Эта суматоха закончилась, когда принесли сладкое: большой торт с двумя свечами и блюдечки с ванильным мороженым. Билли Марки, смешливый рыжий крепыш с кривоватыми ногами, задул свечи и любопытным пальчиком надавил на сахарную глазурь. Угощение раздали, и дети принялись за еду — жадно, но вполне благопристойно — да и вообще весь вечер они вели себя на редкость хорошо. Это были современные дети, их кормили и укладывали спать по часам, поэтому они редко капризничали и выглядели здоровыми и румяными; тридцать лет назад подобный праздник не прошел бы столь мирно.
После угощения гости стали понемногу расходиться.
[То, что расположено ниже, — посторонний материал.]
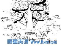 这幅图描绘了一个悲剧的场景:森林中,一只兔子正向幼兔讲述过去的事情,在它们周围到处都是刚被砍掉的大树留下的树桩,而且这些树桩仿佛也在悲叹失去的生活天堂。
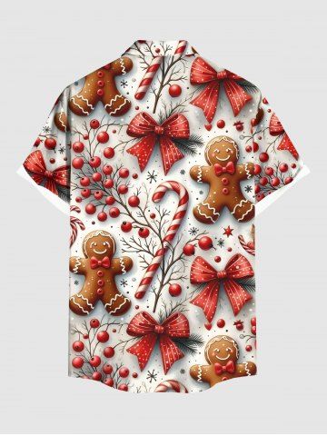 Plus Size Christmas Gingerbread Candy Holly Fruit Bowknot Snowflake Print Buttons Pocket Shirt For Men - Red - M
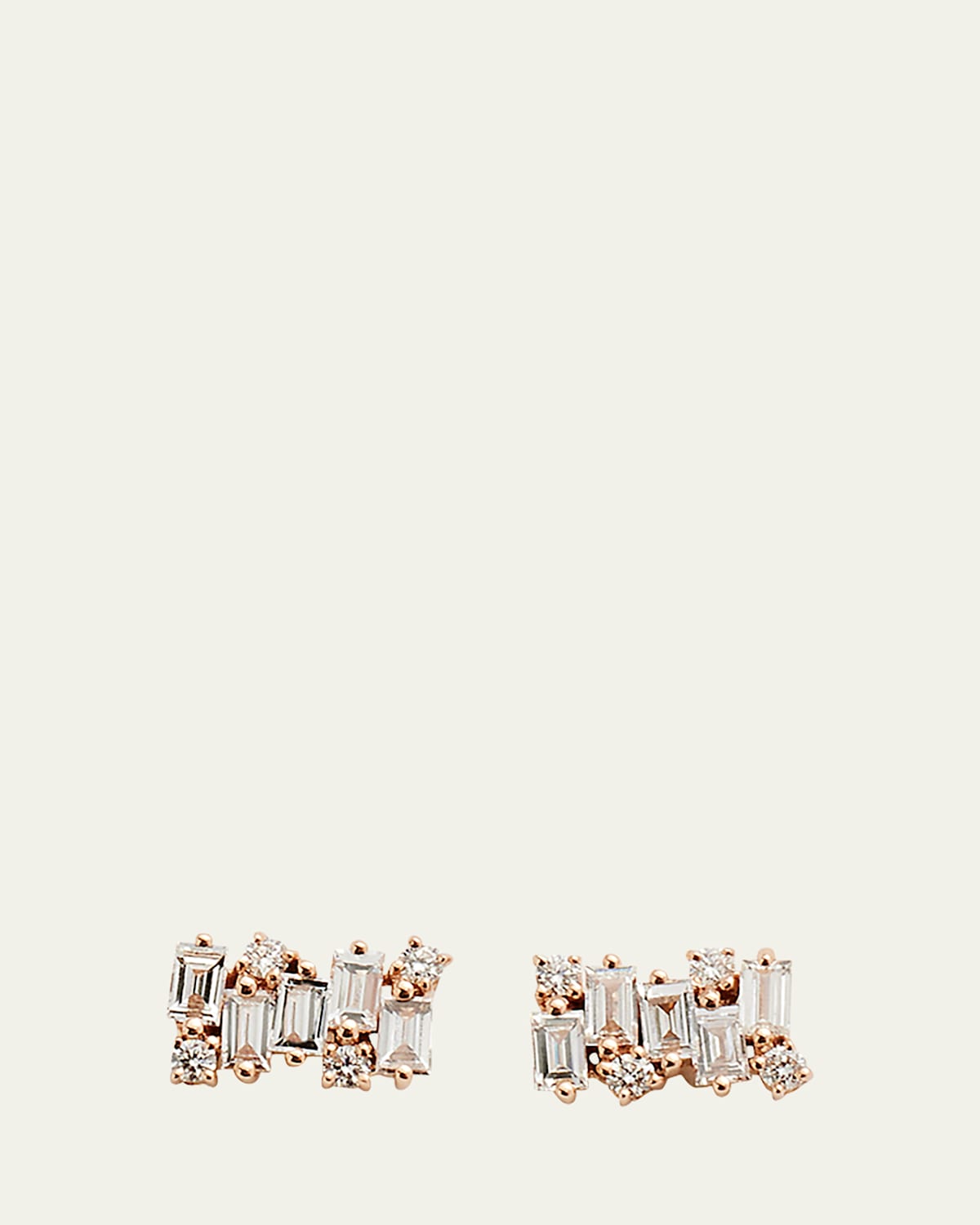 Suzanne Kalan stud earrings Approx. 8x5mm 18karat rose gold Baguette and round white diamonds in signature fireworks setting Total diamond carat weight: 0.50 For pierced ears Butterfly backs Made in USA

Эдит с беспокойством глянула на часы — скоро шесть, а Джона все нет. А ей так хотелось, чтобы он увидел, какая Эди вежливая, умненькая, как достойно она ведет себя с другими детьми, и на платье всего одно пятно: кто-то толкнул ее в спину, когда она ела мороженое.
— Сокровище мое, — шепнула она дочери, порывисто привлекая ее к себе. — Ты знаешь, что ты сокровище? Знаешь?
Эди засмеялась.
— Гав-гав, — сказала она вдруг.
— Где гав-гав? — Эдит оглянулась. — Здесь нет никакой гав-гав.
— Гав-гав, — повторила девочка. — Хочу гав-гав.
Эдит посмотрела в ту сторону, куда тянулся маленький палец.
— Это не гав-гав, родная, это мишка.
— Мишка?
— Да. Только это мишка Билли. Ты же не хочешь чужого мишку, правда?
Но Эди хотела.
Она выскользнула из рук матери, подбежала к Билли Марки, который крепко прижимал к себе игрушку, и остановилась, глядя на него с непроницаемым выражением; Билли засмеялся.
Эдит-старшая снова посмотрела на часы, на этот раз с досадой.
Почти все гости ушли; кроме Эди и Билли, оставались только двое малышей, да и то один из них лишь потому, что залез под стол. А Джон так и не появился. Эгоист, ни капли гордости за ребенка! Другие мужья, человек пять-шесть, все же нашли время зайти за своими женами и хоть минутку полюбовались на детей.
Раздался вопль. Эди завладела мишкой, выдернув его из рук Билли, а когда тот полез отнимать игрушку, небрежно свалила его на пол.
— Эди! — крикнула мать, сдерживая смех. Джо Марки, красивый, широкоплечий мужчина лет тридцати пяти, поднял сына и поставил его на ноги.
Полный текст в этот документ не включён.